#### TASK TO CARRY OUT
For every line below, output the text exactly and leave out images.

#### SOURCE DATA
___
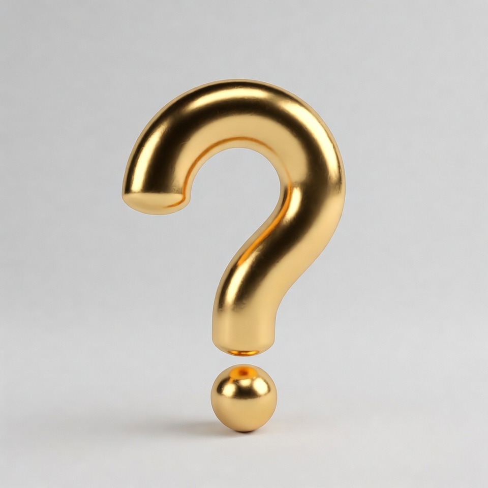 A shiny golden question mark stands upright above a small sphere on a light gray surface with soft lighting.
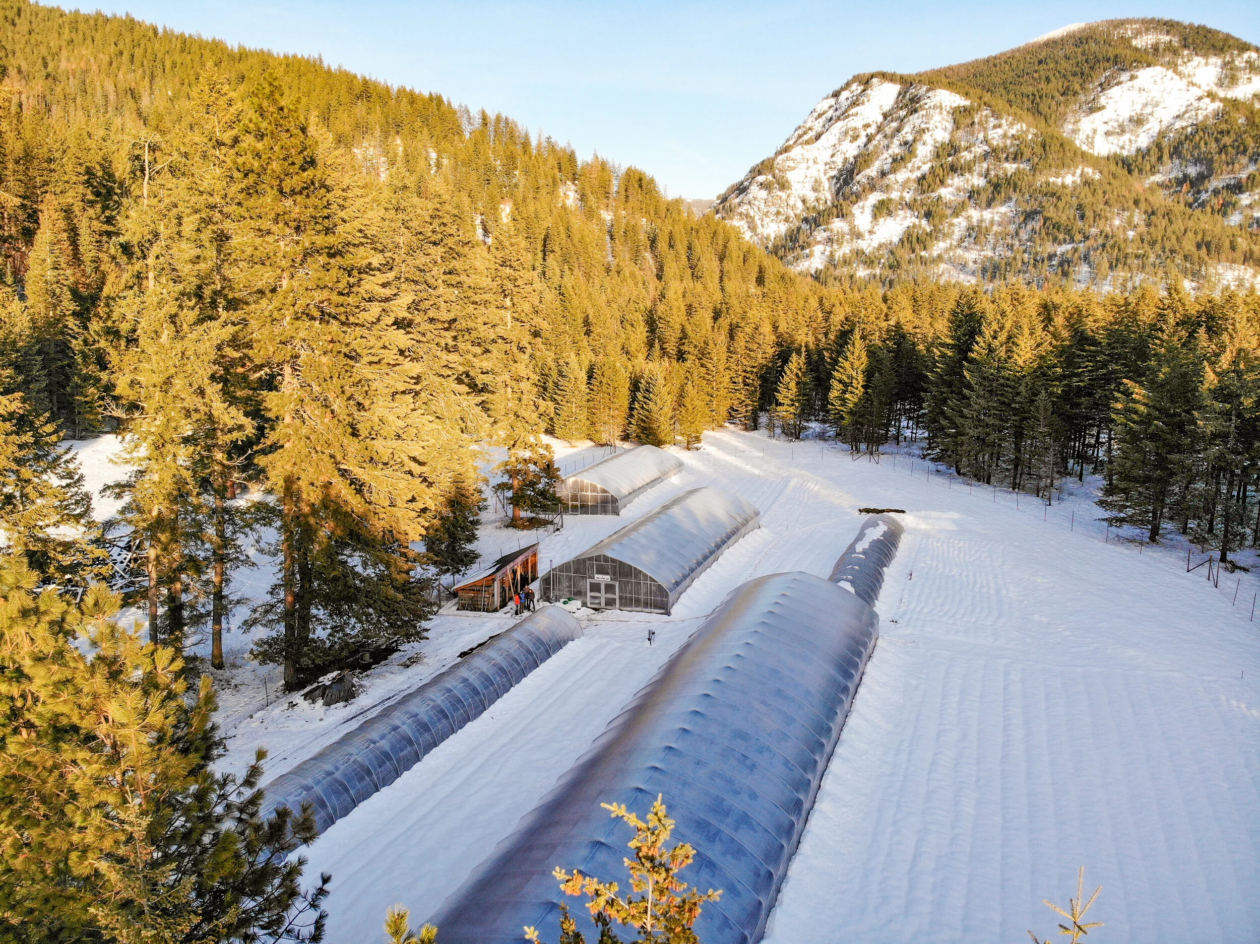 Turn right/north onto East Spring Creek Road. Go 2.5 miles. The road forks; take the right fork onto Stoney Brooke Lane (ignore the "private" signs). Go .5 mile and pull straight into our driveway. It isn't marked, but you'll see our greenhouses from the road. Park next to the gate and we'll listen for you and wave you in. The address is 539 Stoney Brooke Lane.
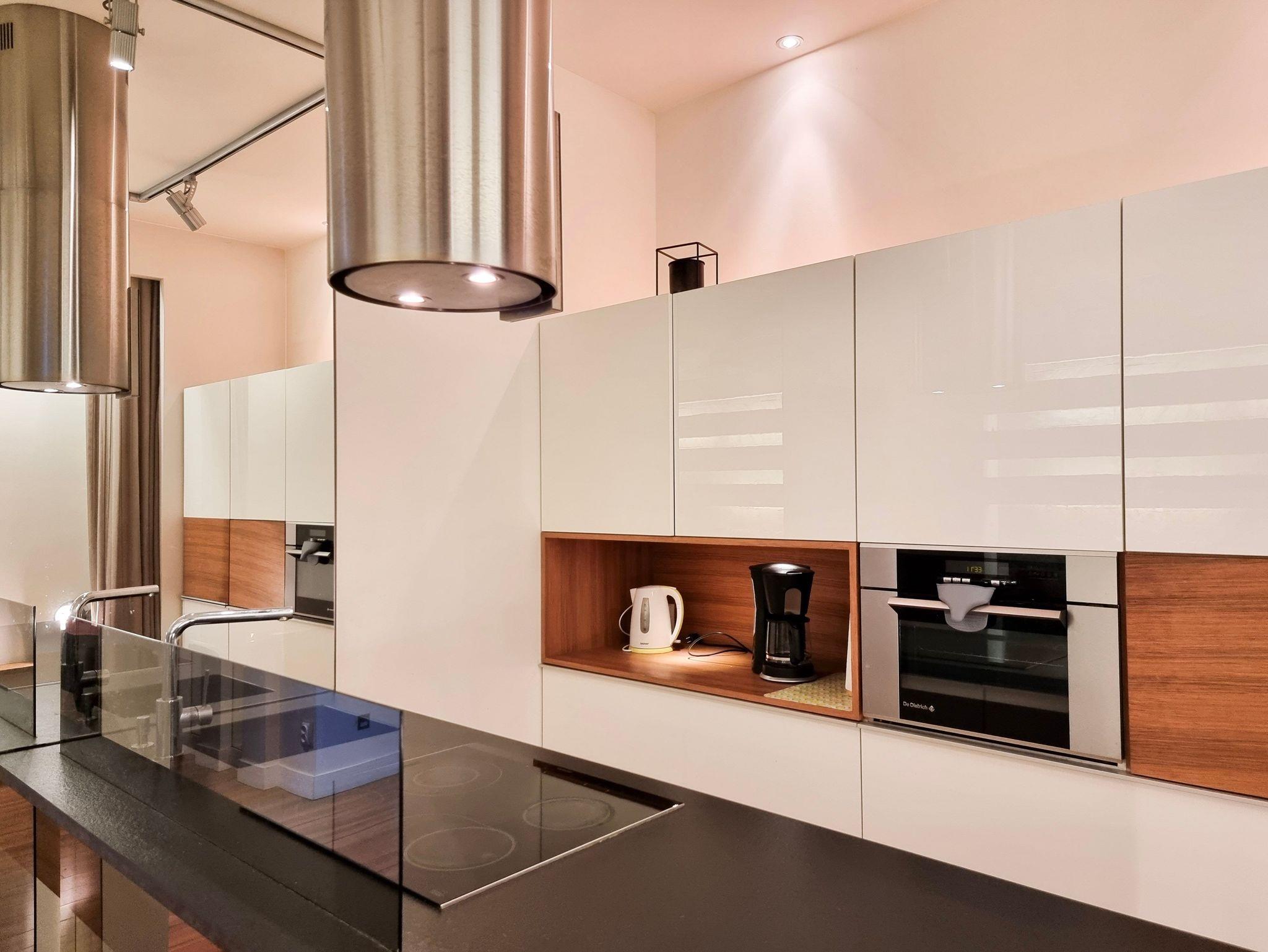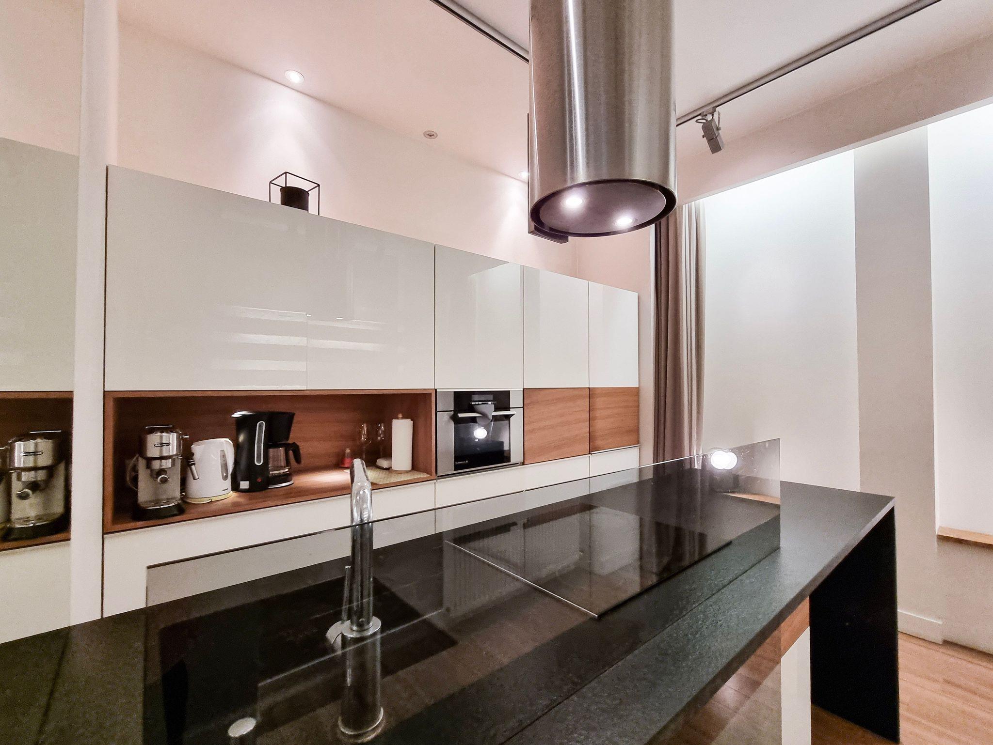 Voll ausgestattete Küche (Geschirrspüler, Kühlschrank mit Gefrierfach, 4-Flammen-Induktionskochfeld, Backofen mit Mikrowellenfunktion, Überlauf-Kaffeemaschine, Toaster, Wasserkocher, Geschirr, Töpfe, Besteck), ohne Fenster.
___
#### RESULT OF THE TASK
 A shiny golden question mark stands upright above a small sphere on a light gray surface with soft lighting.
 Turn right/north onto East Spring Creek Road. Go 2.5 miles. The road forks; take the right fork onto Stoney Brooke Lane (ignore the "private" signs). Go .5 mile and pull straight into our driveway. It isn't marked, but you'll see our greenhouses from the road. Park next to the gate and we'll listen for you and wave you in. The address is 539 Stoney Brooke Lane.
 Voll ausgestattete Küche (Geschirrspüler, Kühlschrank mit Gefrierfach, 4-Flammen-Induktionskochfeld, Backofen mit Mikrowellenfunktion, Überlauf-Kaffeemaschine, Toaster, Wasserkocher, Geschirr, Töpfe, Besteck), ohne Fenster.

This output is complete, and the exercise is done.